History
- Name: Earl Hereford (1906–17); Guénon (1917–19); Pen-er-Vro (1919– ); Rauzan (by 1930–44);
- Owner: Earl Steam Fishing Co. (1906–12); Christian M. Evensen (1912–17); French Navy (1917–19); F. Evan (1919–33); L. Baillas (1933–42); Kriegsmarine (1942–44);
- Operator: Owner operated except:-; A. L. Black (1906–12);
- Port of registry: Grimsby, United Kingdom (1906–12); Thorshavn, Faroe Islands (1912–17); French Navy (1917–19); Lorient, France (1919–43); Kriegsmarine (1942–44);
- Builder: Cook, Welton & Gemmell Ltd
- Yard number: 110
- Launched: 10 April 1906
- Completed: June 1906
- Commissioned: 1917 (French Navy); 20 May 1942 (Kriegsmarine);
- Decommissioned: 1919 (French Navy); 22 August 1944 (Kriegsmarine);
- Identification: United Kingdom Official Number 123569 (1906–12); Fishing boat registration GY 147 (1906–12); Code Letters HGMQ (1906–12); ; Code Letters KBWC (1912–17); ; Fishing boat registration L 1965 (1919–42); Code Letters OQHY (1919–34); ; Code Letters FOXA (1934–42); ; Pennant Number V 421 (1942–44);
- Fate: Lost 4 June 1944

General characteristics
- Class & type: Fishing trawler (1906–17, 1919–42); Auxiliary patrol vessel (1917–18); Vorpostenboot (1942–44);
- Tonnage: 259 GRT, 111 NRT
- Length: 128 ft 4 in (39.12 m)
- Beam: 22 ft 0 in (6.71 m)
- Draught: 11 ft 7 in (3.53 m)
- Depth: 12 ft 9 in (3.89 m)
- Installed power: Triple expansion steam engine, 60nhp
- Propulsion: Single screw propeller
- Speed: 9 knots (17 km/h)

= German trawler V 421 Rauzan =

German fishing trawler

Rauzan was built as the British fishing trawler Earl Hereford. Sold to the Faroe Islands in 1912, she was purchased by the French Navy in 1917, serving as the patrol boat Guénon. She was sold in 1919 and was renamed Pen-er-Vro. Renamed Rauzan by 1930, she was requisitioned by the Kriegsmarine during the Second World War for use as a vorpostenboot, serving as V 421 Rauzan. She was sunk in June 1944.

==Description==
The ship was 128 ft 4 in long, with a beam of 22 ft 0 in. She had a depth of 3.53 m, and a draught of 3.89 m. She was assessed at , . She was powered by a triple expansion steam engine, which had cylinders of 12+1/2 in, 22 in and 35 in diameter by 24 in stroke. The engine was made by C. D. Holmes & Son Ltd., Hull, Yorkshire, United Kingdom. It was rated at 71nhp. The engine powered a single screw propeller. It could propel the ship at 9 kn.

==History==
Earl Hereford was built as yard number 110 by Cook, Welton and Gemmell, Beverley, Yorkshire for the Earl Steam Fishing Co. Ltd., Grimsby, Lincolnshire. She was launched on 10 April 1906 and completed in June. The fishing boat registration GY 147 and United Kingdom Official Number 123569 were allocated. The Code Letters HGMQ were allocated and she was operated under the management of A. L. Black. In December 1912, she was sold to Christian M. Eversen, Thorshavn, Faroe Islands. The Code Letters KBWC were allocated. In 1917, Earl Hereford was purchased by the French Navy for use as an auxiliary patrol vessel. She was renamed Guénon.

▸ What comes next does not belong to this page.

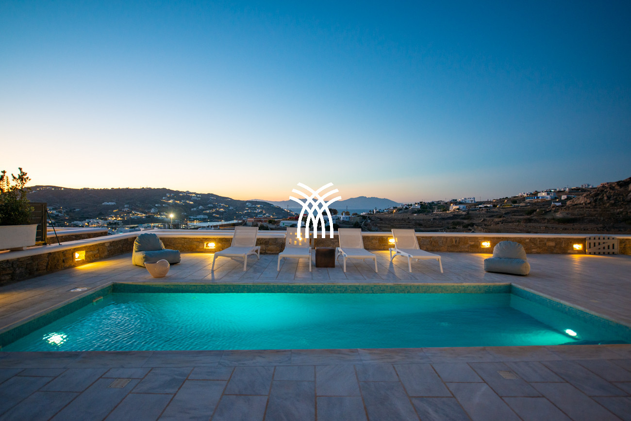 Découvrez la beauté intemporelle de Mykonos avec une location de villa de luxe en Grèce dans cette retraite raffinée sur les hauteurs, surplombant Pouli dans l'exclusif quartier de Kanalia. Offrant une vue panoramique sur le coucher de soleil au-dessus de la mer Égée et de l'île sacrée de Délos, cette villa élégante mêle le charme cycladique à une sophistication moderne dans l'un des emplacements les plus recherchés de l'île.

In 1919, she was sold to F. Evan, Lorient, Morbihan and was renamed Pen-er-Vro. The fishing boat registration L 1965 was allocated, as were the Code Letters OQHY. She had been renamed Rauzan by 1930. In 1933, she was sold to L. Ballas, Lorient. Her Code Letters were changed to FOXA in 1934.

On 20 May 1942, Rauzan was seized by the Kriegsmarine. On 1 October, she was commissioned as a vorpostenboot and allocated to 4 Vorpostenflotille, serving as V 421 Rauzan. She was lost on 4 June 1944, during Operation Neptune. 4 Vorpostenflotille was operating out of Boulogne, Pas-de-Calais, France on that day. Its orders were to carry out a reconnaissance patrol from Boulogne in a westerly direction. V 421 Rauzan was decommissioned on 22 August 1944.

==Sources==
- Gröner, Erich (1993). "Die deutschen Kriegsschiffe 1815-1945"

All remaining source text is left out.